Tomorrow I begin a brief absence from Seattle, as I travel to visit my homeland to celebrate the ... thingies. I'm looking forward to being someplace familiar and pretty and temperate. I'm not looking forward to lots of sweating and a 5 hour 40 minute flight both ways. Econo-fare means sitting in a space about the size of a guitar case trying to identify the ethnicity of the numerous colicky babies in earshot by the tonality of their cries. Maybe I'll get peanuts, or if I'm really lucky, the chicken thing with pineapple! Once I ordered the "low cholesterol" meal, thinking I would cleverly talk my way into having a specially prepared meal. You know what the low cholesterol meal was? It was the normal meal, plus a banana. I am not kidding.

At the band's house, I replaced two light bulbs, disassembled a halogen lamp and filed a bunch of corrosion off the contacts, repartitioned and organized the computers' hard drives, and helped rearrange the workspace to be more like a project studio and less like a sloppy heap of cables and devices. Hooray for me, I was there until 4 am doing it. I took the bus back home, but missed a transfer, leaving me in the middle of the U-district at 5 am. Not wanting to freeze to death, I trundled down to the Denny's that opened semi-recently, thinking I would have some breakfast and a coffee while I waited for the next bus. I walked into Denny's and stopped in the middle of the waiting area, apparently alone in the restaurant. "I don't know where my waitress or manager are," a voice piped up, and a tired looking man wearing a chef's hat appeared from behind something. "I can't ring anything up. Want some free coffee?" Free coffee was exactly what I wanted, so I said "Yes, I just need to not freeze to death for half an hour." "Thanks, dude," I added. He handed me some of the worst coffee I've had since 7-11, and disappeared, leaving me to sip my coffee and ponder the awkwardness of the word "dude". Why did I say "dude," anyway? Ed says "dude", but he lives in, like, the valley.
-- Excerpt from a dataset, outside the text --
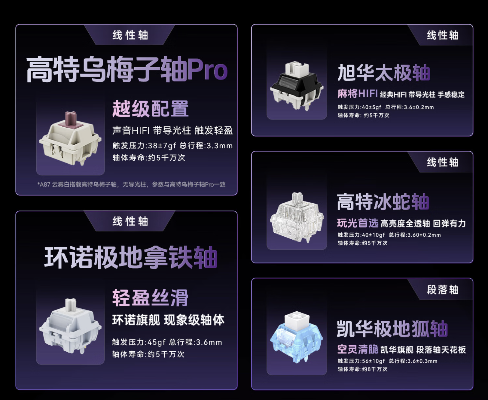 如果你有其他需求,比如想要更顺滑的极地拿铁轴、段落感更强的地狐轴、或者主打电竞回弹的太极轴,也可以根据自己的习惯选择,A87系列支持多种轴体互换,选择空间很大。

We need one of those... uh... what's the other word for "synonym book"? -- Brian

Man, the people who browse "am I hot or not" have some of the worst taste. Either that or "hot" means "almost naked". Also: many of the male pictures on that site are actually from gay porn websites. The male pictures are also voted on by something like one tenth the people who vote on the women. This leads me to believe that most of the people who rate the pictures of guys are probably gay males. Are you hot or not? I bet you wish you hadn't asked. Hee hee

When I'm in Hawaii, I'm going to think about how worldly I am compared to when I first moved out from mom's house (and started this web page thing, I guess it was 4 years now) and how relatively serene and supportive the atmosphere in Kaneohe is. I don't worry about getting attacked there (even though that's the only place I ever was attacked on the street) and I just barely notice where I am, the place is so familiar. Try as I might, I can not get lost in my hometown. worldly me. Duh.